Ein anderes Mal stilisierte man die Figuren zu Planeten des Sonnensystems, indem sie in der Altstadt in einer entsprechenden Reihenfolge kreisförmig aufgestellt wurden. Im Mittelpunkt befand sich dagegen keine Sonne, sondern eine besondere Gestalt, die Nicolaus Copernicus verkörperte. Auf diesem Weg wollten die Beamten, die für die Stadtwerbung zuständig sind, für den großen Astronomen werben und die Touristen zum Besuch des Schlossmuseums oder des Planetariums anspornen. 

Die erste erfolgreiche Kunst veranstaltung aus dem Jahr 2011, bei der bunte Figuren der Pruzzenweiber vielfältig gestaltet in unterschiedlichen öffentlichen Orten des Stadtraumes auftauchten, hieß „Weib aus Allenstein“. Die Idee war, Allenstein als eine Stadt der Kunst zu zeigen. Seitdem verliebte man sich einfach in die effektvollen Statuen. Alles in allem geht es bei jedem solcher Ereignisse darum, dass man eine kulturelle Brücke zwischen der Gegenwart und der prußischen Vergangenheit baut. Somit popularisiert man die Hauptstadt des südlichen Ostpreußens und die regionale Geschichte. Das Urbild für all die Figuren, die zu unterschiedlichen Anlässen in der Stadt auftauchen, ist die steinerne Skulptur, die im Innenhof der Allensteiner Burg steht und die eine menschliche Gestalt darstellt. Sie ist eines der wenigen erhaltenen Objekte in Ostpreußen. Das Weib wurde im 19. Jahrhundert in Barthen bei Rastenburg entdeckt, wo einmal der prußische Stamm der Barten lebte, und man brachte es nach dem Zweiten Weltkrieg nach Allenstein. 

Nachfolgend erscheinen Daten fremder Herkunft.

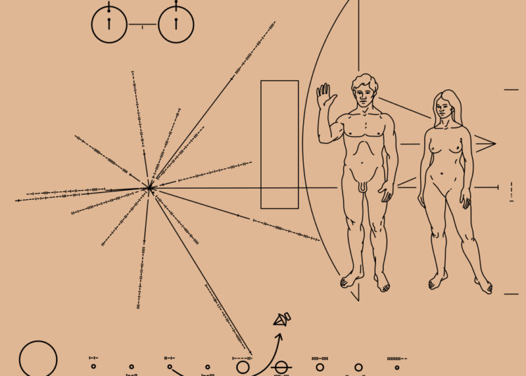 Le sonde Pioneer 10 e Pioneer 11, lanciate dagli Stati Uniti d’America a nome dell’uomo per intero rispettivamente nel 1972 e 1973, contengono un messaggio destinato a eventuali abitatori intelligenti dello spazio siderale, una placca scritta in un linguaggio universale perché contiene anche la chiave della cifratura usata: la posizione relativa del Sole rispetto al centro della nostra galassia, una schematizzazione del nostro sistema solare, un’indicazione della direzione del viaggio intrapreso dalle sonde, l’epoca del lancio delle sonde stesse, uno loro schema e la carta di identità di come l’essere umano è fatto biologicamente: univoco nel suo dimorfismo sessuale pronunciato, accentuato, evidente. Il disegno, celeberrimo, fu realizzato da Linda Salzman, moglie di Carl Sagan (1934-1996), astronomo, divulgatore scientifico e scrittore di fantascienza statunitense, che lo ha ideato e voluto assieme all’astronomo, pure statunitense, Frank Drake, su suggerimento del giornalista britannico Eric Burgess (1920-2005).

Es mag verwundern, aber entgegen der Bezeichnung stellt die Figur keine Frau, sondern einen Krieger dar, der in der rechten Hand ein Horn und in der linken eine kurze Waffe hält. Während seine Gesichtszüge am genausten gemeißelt wurden, sind die übrigen Elemente des Körpers unpräzise und stark vereinfacht. Die exakte Funktion der Pruzzenweiber, die in Ostpreußen Baben oder Steinmütterchen genannt wurden, ist bis heute unklar. Eine Theorie besagt, dass wir es mit einer originellen Abbildung einer altpruzzischen Gottheit oder eines altpruzzischen Helden zu tun haben. Möglicherweise gehen die archaischen Figuren aber auch auf asiatische Vorbilder zurück. Zweifelsohne stammt die Skulptur im Schlossinnenhof aus dem Mittelalter.